Your miniature questions are welcome here!

The original Miniatures Question and Answer Blog was the brain child of Nikki Rowe from Witch and Wizards Miniatures. Lately, she realized that she was spreading herself way too thin to continue doing all the things she's involved with well.

Since we all wait in anticipation of what awesome item she'll create next and we all want her to concentrate on making those fabulous mini's that we love, I have agreed to take over the responsiblity of the Miniature Question and Answer blog.

Format is the same. Once a week, on Sunday or Monday, a new question will be posted, researched and, with any luck, answered.

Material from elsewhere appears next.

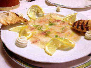 Tra gli antipasti, spiccano un memorabile carpaccio di trota affumicata in casa, la carpionata di fiume, ma anche il “salame” di pesce di fiume, un rotolo di pesce bianco, tagliato a fette e guarnito con julienne di peperoni rossi e gialli. Sempre sul fiume, troviamo alcuni interessanti primi piatti, come i tortelli di luccio perca agli asparagi e la zuppa di pesce di acqua dolce; tra le pietanze, si “pesca” bene con la tinca al cartoccio, ma anche con l’anguilla, che si può ordinare dorata, alla griglia, oppure in umido.

You are all welcomed and encouraged to comment with your own answers and suggestions.

If you have a miniature related question you'd like investigated, the best way is to send me an e-mail.

tabithacorsica@gmail.com

But you can also put it in the comments section as a suggestion for the following week and, hopefully, I'll find it.

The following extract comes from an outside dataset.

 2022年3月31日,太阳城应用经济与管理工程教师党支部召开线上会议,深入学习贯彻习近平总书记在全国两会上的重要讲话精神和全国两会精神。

Nikki will be deleting the original blog so you will have to "re-follow" here, but I have saved all the questions...and answers and comments and they will be the subject of the first post.

Sounds like fun, eh?

Tabitha

Followers

Sunday, October 3, 2010

Fighting the Effects of Aging…..or Not!

One of the “left over” questions from the original Miniature Q&A Blog had to do with aging. 
Aging paper or cloth using tea, coffee, inks and ….good lord!!....scorching  were discussed under the “Paper”  topic. 
But miniaturists age lots of other things, too.  
What are some ways to age wood or stone or upholstered furniture or air dry clay or walls made of styrofoam or Mod Rock or spackling paste???  The list goes on…..
I’ll start with a tip I learned many years ago when I took a class by Bill Lankford.  The building in question was a ½ scale Chicago brownstone.  The walls were molded brick and architectural detailing in stone, but the actual composition of the walls was some sort of light-weight foam.  After the bricks and stone were painted (and thoroughly dried), a wash of denatured alcohol and India ink was liberally applied.  Voila! Instant old building!
The proportion is lots of alcohol and very little ink….like maybe 4 – 6 oz of alcohol and 2-3 drops of India ink. I think the "official" recipe was 1 tbsp ink to 1 qt alcohol.  We brushed it on with a large brush but I have also used this in a spray bottle on painted Paper Clay brand air dry clay.  I have also brushed it on to raw and painted wood with good results.  Use an old brush or one of those cheap bristle brushes.
I do not know if the reaction is different if one uses isopropyl alcohol as opposed to denatured alcohol but because their chemical composition is different, I’d guess that there might be. My understanding is that India ink was made by suspending lampblack (or soot) particles in denatured alcohol or even vinegar. 
Which reminds of something I read on Casey's blog just the other day.   Woolly Vinegar

This reference suggests using tea on the wood prior to the vinegar solution.
Be careful with the India ink as it stains permanently and is almost impossible to get off your skin…wear  gloves and old clothing and protect your table tops and floors.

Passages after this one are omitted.